Volonté affichée de dissoudre l’UNEF du fait de réunions en non-mixité, luttes antiracistes désignées comme « séparatistes », « islamo-gauchisme » à l’université, polémiques islamophobes chaque semaine… Nos gouvernants, avec une politique directement inspirée par l’extrême droite, cherchent-ils à nous faire oublier les questions sociales, avec une misère qui s’amplifie de jour en jour, ou bien est-ce tout simplement la conséquence directe et la poursuite d’une forme de pensée coloniale très ancrée à l’encontre des populations issues de l’immigration et de leur émancipation par et pour elle-même ?

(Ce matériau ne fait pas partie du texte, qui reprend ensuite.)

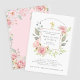 Estes belos e elegantes convites da Primeira Comunhão apresentam um quadro de adoráveis rosas cor-de-água cor rosa com folhas verdes e sotaques de rosa-ouro falsos, e texto de cinza macia sobre um fundo branco limpo para um olhar que consegue ser inspirado tanto na moda como na safra. Há também um olhar de ouro falso. A parte traseira do convite apresenta um quadro floral correspondente em um fundo rosa pálido e suave.
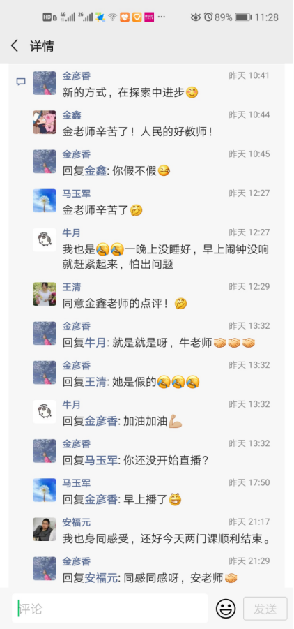 第一次接受任课老师做主播的同学们,对线上学习都充满了好奇与期待,早早地进入直播群等待课程开始,对老师在直播时遇到的各种小插曲都表示理解和体谅。同学们都说:老师和我们都是第一次上网课,大家虽然不能面对面地在一起上课,中途也可能会遇到一些麻烦,但大家都在尽量克服,只为了达到更好的学习效果。在家学习比在校时更自由,所以得靠个人自觉;但老师们会通过大学慕课等多种资源整合的方式给同学们传递更丰富、更精彩的教学内容。

Il faut se défaire de la vision complotiste qui pense toujours que, si le pouvoir fait une chose, c’est pour en cacher une autre. Cette furieuse campagne idéologique ne cache rien. Elle est partie prenante d’un processus anti-démocratique d’ensemble qui vise deux choses en même temps : premièrement, ghettoïser davantage la partie la plus pauvre et la plus fragile de la population, la faire apparaître comme une population arriérée naturellement vouée au fanatisme et au terrorisme, pour produire la plus large adhésion contre elle ; deuxièmement, criminaliser toute lutte sociale et toute action en faveur des populations issues de l’immigration en la présentant comme auxiliaire de ce terrorisme. On ne peut pas se satisfaire de l’idée un peu trop simple que c’est seulement la politique coloniale qui continue. La dénonciation de l’ « islamo-gauchisme » est la dernière étape d’une campagne idéologique qui a accompagné le renforcement des inégalités en criminalisant, tour à tour, toutes les formes de lutte pour l’égalité : la Révolution française a été identifiée à la Terreur, les révolutions ouvrières ramenées au seul Goulag soviétique, les idéaux de la Résistance vus à travers le seul épisode des femmes tondues, l’antiracisme dénoncé comme « le totalitarisme du XXIe siècle », l’anticolonialisme transformé en « racisme anti-blanc » et le soutien au peuple palestinien opprimé identifié à la défense d’un Islam terroriste. Cette longue criminalisation de toute la tradition progressiste et révolutionnaire n’a pas été « inspirée par l’extrême droite ». Elle s’est développée au sein de la bourgeoisie « libérale » et d’une intelligentsia « républicaine » venue de la gauche et de l’extrême gauche. C’est elle qui a élaboré la forme modernisée de la vieille rengaine des nantis qui dit que toute lutte contre l’injustice sociale est condamnée à finir dans la terreur sanguinaire.